Himmler acudió en ayuda de Hitler. Al enterarse de la amenaza de escasez de ladrillos y granito, ofreció utilizar a sus presos para producirlos. Propuso construir una gran fábrica de ladrillos en Sachsenhausen, cerca de Berlín, bajo la dirección de las SS. Como Himmler favorecía siempre las innovaciones, no tardó mucho en lograr que un inventor ideara un nuevo sistema para fabricar ladrillos. Sin embargo, no llegó a conseguir la producción prometida, ya que el invento fracasó.
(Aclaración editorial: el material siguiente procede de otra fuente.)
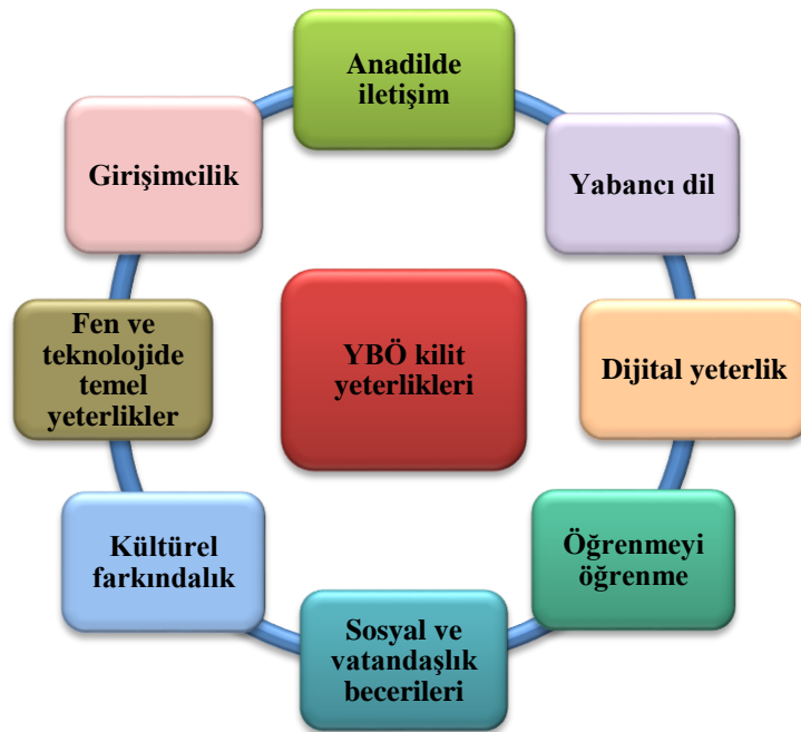
Şekil 1.1: Avrupa Birliği YBÖ kilit yeterlikleri (Avrupa Komisyonu, 2007).

Avrupa Birliği tarafından YBÖ yeterliliği kavramı; bireyin bilgi, beceri ve tutumlarıyla ilgili daha kapsamlı bir kavram olarak ifade edilmektedir. Temel Yeterlik Alanları Avrupa Çerçevesi, YBÖ için bilgi toplumu içinde kişisel başarı, aktif vatandaşlık, sosyal uyum ve istihdam edilebilirlik için gerekli olan hayat boyu öğrenmenin temel kilit kriterlerini belirlemiştir. Bu yeterlikler Şekil 1.1’ de gösterilmiştir (Avrupa Komisyonu, 2007):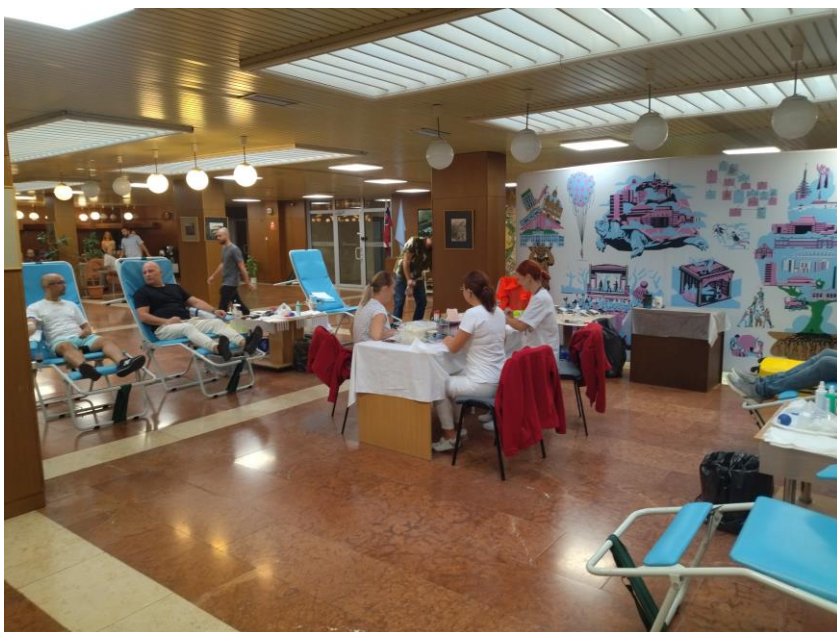
Primátorská kvapka krvi, MsÚ Nitra, marec 2023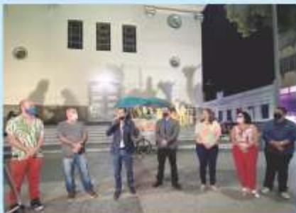
Representantes da CDL BM, Aciap, Sicomércio, SICOOB e Prefeitura de BM durante o cerimonial de abertura.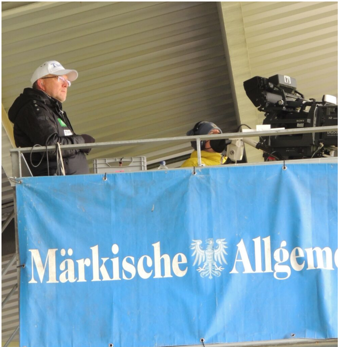
hoch oben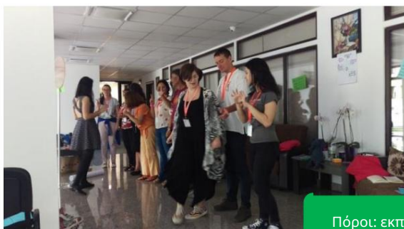
Πόροι: εκπαιδευμένος συντονιστής, εκπαιδευμένος Τζόκερ, ασφαλής χώρος, 2 εβδομάδες έως 3 μήνες

Τέλος, το Forum Theatre απαιτεί χώρο – αφενός για να προετοιμαστούν οι μη ηθοποιοί, αφετέρου για να δει το κοινό την παράσταση. Και οι δύο χώροι (αν όχι οι ίδιοι) θα πρέπει να είναι προσβάσιμοι, ασφαλείς και να σέβονται τους μη ηθοποιούς ή την ομάδα-στόχο (π.χ. δεν είναι όλοι οι χώροι προσβάσιμοι για φτωχούς νέους ή ασφαλείς για νέους LGBTQ+).

La segunda promesa de Himmler, que siempre andaba tras los proyectos de futuro, terminó de un modo similar. Dijo que prepararía bloques de granito para las obras de Berlín y Nuremberg con ayuda de los internados en los campos de concentración. Fundó una empresa de nombre poco comprometedor y se comenzó a picar piedra. Sin embargo, a consecuencia de la inimaginable falta de profesionalidad de las operaciones de las SS, los bloques se agrietaron y desportillaron, por lo que las SS tuvieron que confesar a última hora que sólo podrían suministrar una pequeña parte del granito prometido; el departamento de construcción de autopistas del doctor Todt empleó como adoquines el resto de la producción. Hitler, que había puesto grandes esperanzas en las promesas de Himmler, se fue disgustando cada día más, hasta que terminó por decir con sarcasmo que lo mejor que podrían hacer las SS era dedicarse a producir zapatillas de fieltro, que es lo que solía fabricar en los establecimientos penitenciarios.

• • •

De entre el gran número de las obras planeadas, yo tenía que ocuparme, por deseo expreso de Hitler, de diseñar la plaza que se extendería ante la Gran Sala. Además, me había hecho cargo de la nueva edificación destinada a Göring y de la estación del sur. Esto era más que suficiente, pues tenía que proyectar también las construcciones para los Congresos del Partido en Nuremberg. Sin embargo, como todos esos planes se distribuían más o menos a. lo largo de una década, y teniendo en cuenta que delegaría los detalles técnicos en mi departamento, en el que trabajaban entre ocho y diez colaboradores, podría salir adelante. Aunque mi despacho particular se encontraba en la Lindenallee, en el Westend, no lejos de la Adolf-Hitler-Platz, llamada anteriormente Reichskanzler-Platz, solía pasar las tardes, que a menudo se prolongaban hasta bien entrada la noche, en la oficina del departamento urbanístico, situada en la Pariser Platz. Allí encargué grandes obras a los que, en mi opinión, eran los mejores arquitectos de Alemania: a Paul Bonatz, que había pasado mucho tiempo proyectando puentes, le encomendé la primera de sus obras importantes (el Alto Mando de la Marina de Guerra), cuyo espléndido diseño despertó el vivo entusiasmo de Hitler; Bestelmeyer debía proyectar el nuevo Ayuntamiento; Wilhelm Kreis, el Alto Mando del Ejército de Tierra, la «Galería de los Soldados» y diversos museos; a Peter Behrens, el maestro de Gropius y de Mies van der Rohe, se le encomendó, a propuesta de la AEG, su contratista habitual, la construcción en la gran avenida de los nuevos edificios administrativos de esta firma comercial. Naturalmente, ese encargo chocó con las protestas de Rosenberg y sus «celadores de la cultura», que se mostraban escandalizados porque aquel precursor del radicalismo en arquitectura se inmortalizara en la «calle del
Führer
». Pero a Hitler le gustaba la Embajada alemana en San Petersburgo, obra de Behrens, y le confió el encargo a pesar de todo. También invité varias veces a Tessenow, mi profesor, a tomar parte en los concursos, pero él no quiso abandonar su sencillo estilo artesanal y provinciano y se mantuvo obstinadamente alejado de la tentación de levantar grandes edificios.